Problem requirements: Where pictures appear, omit them, and copy exactly only the lines from the start of the listing through the line containing "Welcome to the", both included.

The data:

________

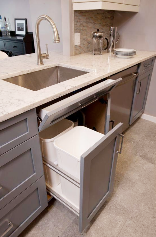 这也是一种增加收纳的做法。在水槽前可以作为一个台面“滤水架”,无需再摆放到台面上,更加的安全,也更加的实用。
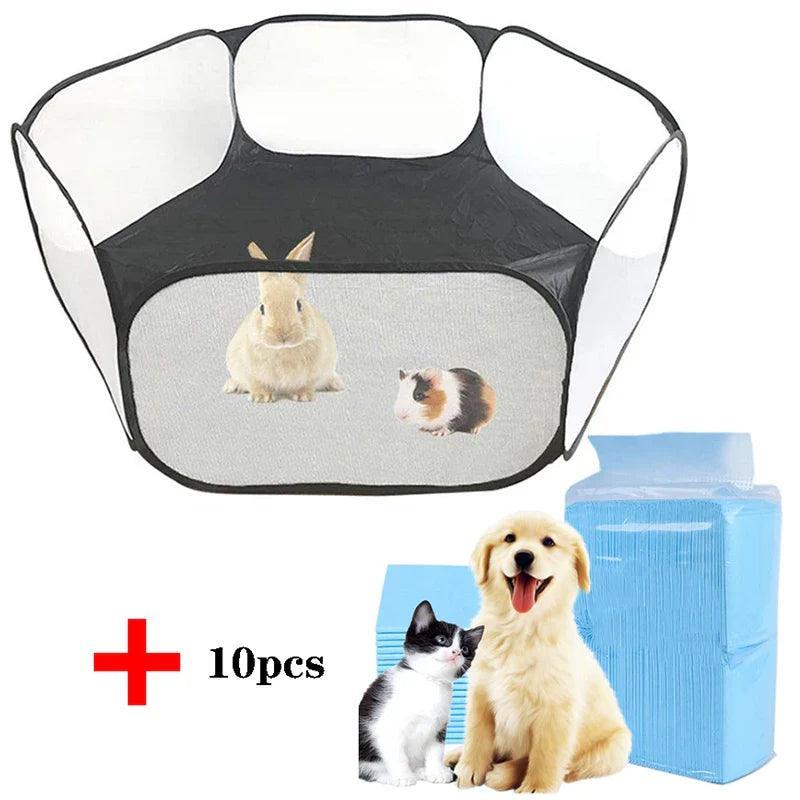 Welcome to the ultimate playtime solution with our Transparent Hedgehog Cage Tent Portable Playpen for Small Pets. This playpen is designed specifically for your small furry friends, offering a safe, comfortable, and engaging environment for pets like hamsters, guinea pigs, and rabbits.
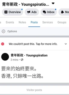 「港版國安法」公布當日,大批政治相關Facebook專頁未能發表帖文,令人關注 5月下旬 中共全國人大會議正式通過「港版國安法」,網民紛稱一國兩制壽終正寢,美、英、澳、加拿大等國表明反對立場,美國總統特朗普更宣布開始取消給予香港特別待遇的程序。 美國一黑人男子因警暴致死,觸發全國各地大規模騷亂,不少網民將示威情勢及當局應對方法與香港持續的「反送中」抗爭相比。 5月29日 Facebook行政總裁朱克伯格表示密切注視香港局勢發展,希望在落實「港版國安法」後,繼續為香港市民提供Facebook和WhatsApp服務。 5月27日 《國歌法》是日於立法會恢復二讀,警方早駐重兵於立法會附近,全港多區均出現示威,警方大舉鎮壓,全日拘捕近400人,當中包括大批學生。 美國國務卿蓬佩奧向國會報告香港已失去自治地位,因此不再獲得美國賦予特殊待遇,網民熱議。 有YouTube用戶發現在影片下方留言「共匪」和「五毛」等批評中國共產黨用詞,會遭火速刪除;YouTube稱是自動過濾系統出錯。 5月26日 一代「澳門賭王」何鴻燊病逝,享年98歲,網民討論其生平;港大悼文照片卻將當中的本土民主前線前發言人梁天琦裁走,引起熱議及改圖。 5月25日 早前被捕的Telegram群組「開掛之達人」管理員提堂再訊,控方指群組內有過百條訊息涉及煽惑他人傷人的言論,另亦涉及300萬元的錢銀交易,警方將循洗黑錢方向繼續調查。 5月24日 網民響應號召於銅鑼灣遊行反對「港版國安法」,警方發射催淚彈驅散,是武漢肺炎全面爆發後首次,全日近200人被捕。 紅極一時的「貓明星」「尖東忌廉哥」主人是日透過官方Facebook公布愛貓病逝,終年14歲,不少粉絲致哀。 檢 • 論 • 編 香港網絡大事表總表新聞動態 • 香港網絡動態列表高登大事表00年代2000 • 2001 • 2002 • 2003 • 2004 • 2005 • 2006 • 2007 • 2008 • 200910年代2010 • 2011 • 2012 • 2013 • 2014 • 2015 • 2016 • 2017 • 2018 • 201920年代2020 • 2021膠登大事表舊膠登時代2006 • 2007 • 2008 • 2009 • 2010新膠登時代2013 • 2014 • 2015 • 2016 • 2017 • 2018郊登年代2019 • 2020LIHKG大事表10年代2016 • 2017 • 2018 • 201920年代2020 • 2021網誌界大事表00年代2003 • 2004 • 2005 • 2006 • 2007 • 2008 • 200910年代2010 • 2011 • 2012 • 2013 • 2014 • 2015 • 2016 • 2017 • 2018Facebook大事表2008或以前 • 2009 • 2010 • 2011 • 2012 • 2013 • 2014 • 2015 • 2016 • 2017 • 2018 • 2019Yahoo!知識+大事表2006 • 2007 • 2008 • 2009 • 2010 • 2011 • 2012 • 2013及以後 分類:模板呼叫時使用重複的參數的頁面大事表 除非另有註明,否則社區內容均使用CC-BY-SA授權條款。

________

Exercise response:
 这也是一种增加收纳的做法。在水槽前可以作为一个台面“滤水架”,无需再摆放到台面上,更加的安全,也更加的实用。
 Welcome to the ultimate playtime solution with our Transparent Hedgehog Cage Tent Portable Playpen for Small Pets. This playpen is designed specifically for your small furry friends, offering a safe, comfortable, and engaging environment for pets like hamsters, guinea pigs, and rabbits.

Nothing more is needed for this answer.